Can’t help on cell phones, but we use:

  1. Att wireless high speed internet~ 40/mo
    [This is for using laptop at home, download speeds for iPad and phones, and now for YouTube signal]

  2. You tube tv ~45/mo? (Can have 4 or 5 Fam accounts/TVs on this one account- located anywhere). Get all sports channels and local channels including SEC. Very user friendly. Had directv previously and haven’t missed it. Very easy to schedule shows to record from tv or phone app.

  3. Netflix ~12/mo

Note- we still have att home phone line (35/mo) that we use for home security service- but don’t really need it.

We also have access to prime tv through amazon prime account.

Don’t laugh at me,but are y’all watching this on your TV?? I have heard there’s ways you can stream stuff off your phone and computer onto your TV just never have connected the dots to actually doing it.

I’m a little confused with all the talk about cord cutting. I’m not a Cox advocate and have threatened to leave them several times so I don’t have any allegiance to them. But I have been with them for many years and get several hundred channels (all except the premiums like HBO, SHOWTIME, etc.) we have a land line phone and I have internet with 100 Mbps speed. My monthly bill is $220. Several of my neighbors left Cox a few years ago and have been jumping around between Dish, Hulu, You Tube and various combinations of services and they gripe all the time. Service disrupted, couldn’t get the Razorback game, bill went up after 6 months, WIFI not what they were told it would be. What is the big deal about leaving cable? It’s reliable, we never miss a Hog game or anything else we want to see and ours never goes out. I don’t understand going through the headache of switching around to services that give you a headache just to save a few bucks. Feedback would be appreciated.
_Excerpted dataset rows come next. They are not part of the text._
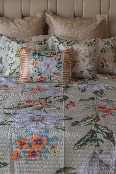 Dimensions: L x B (in inches):, Pillow Case: 18 x 28, Cushion Cover: 18 x 18, Oblong Cushion Cover: 14 x 20, Note: Only the 1 Quilted Bedcover, 2 Quilted Pillow Case, 2 Accent Cushion Cover, 1 Oblong Cushion Cover shown in the image is being sold, cushion filler is not for sale
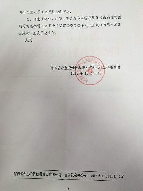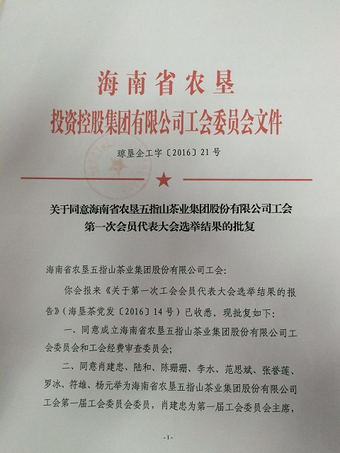 成立海南省农垦五指山茶业集团股份有限公司工会委员会和工会经费审查委员会的批复
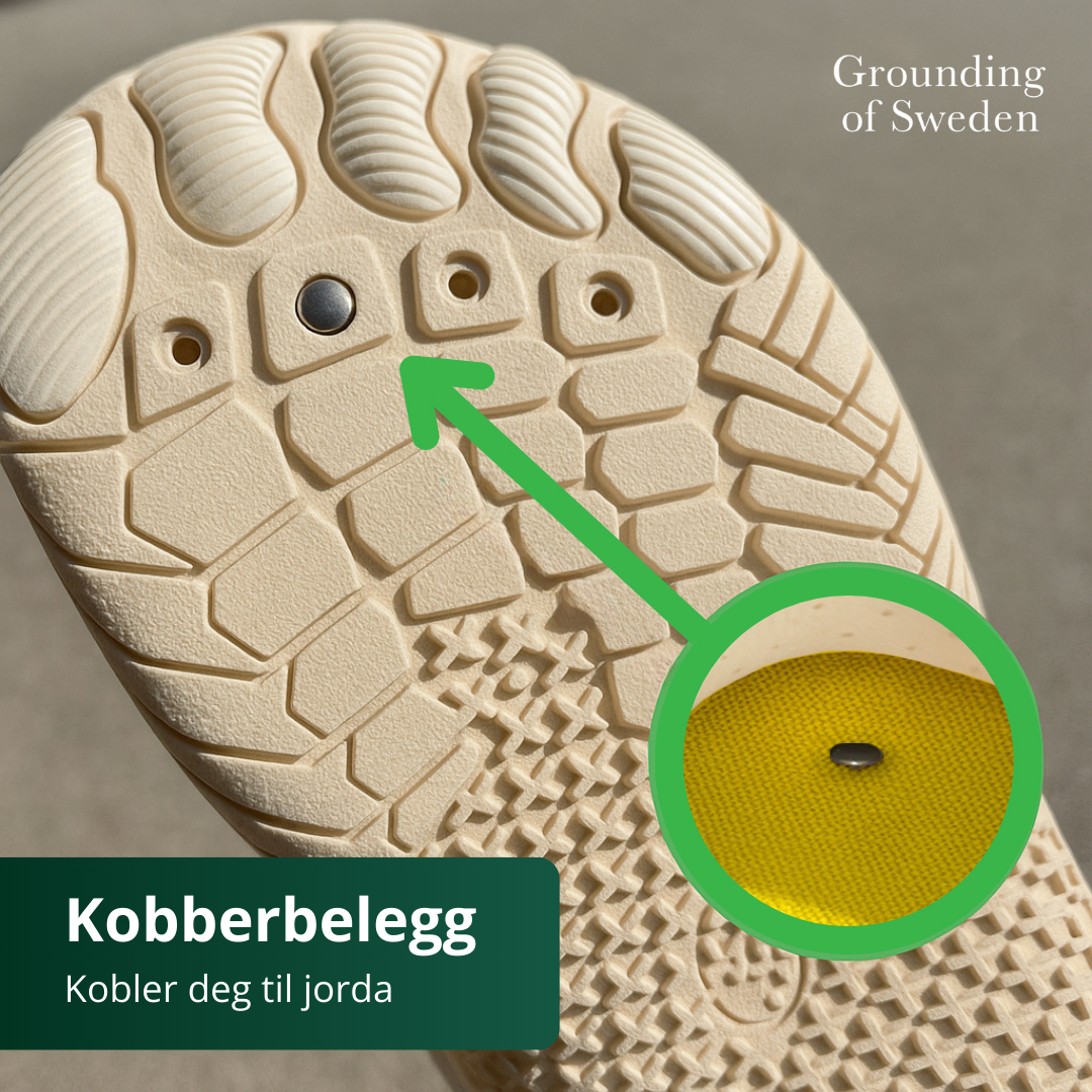 Våre jordingssko har kobberelementer i sålen som skaper en direkte kanal for elektronoverføring mellom jorda og kroppen din – og etterligner den naturlige forbindelsen du får når du går barbeint.
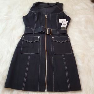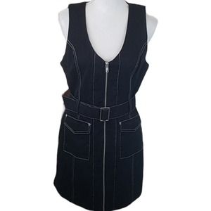 NWT! Volcom XS Black Denim Front Zip Belted Dress

Yes, you get the Cards (spit) with FSMW and also get FSSW on YTTV. You get less Royals games because most of theirs are on FSKC.

I do it all the time. YouTube TV is actually coming through my phone and I put it on my TV using Chromecast.

I’ll take a shot at this, Snout.

I was a DTV customer and had just about everything, including the NFL Sunday Ticket. I didn’t use or watch 70% of what I was getting and every time I went to make a change I was given a price break that eventually went back up and then I would have to repeat the process. I also had AT&T DSL at another $50 a/mo.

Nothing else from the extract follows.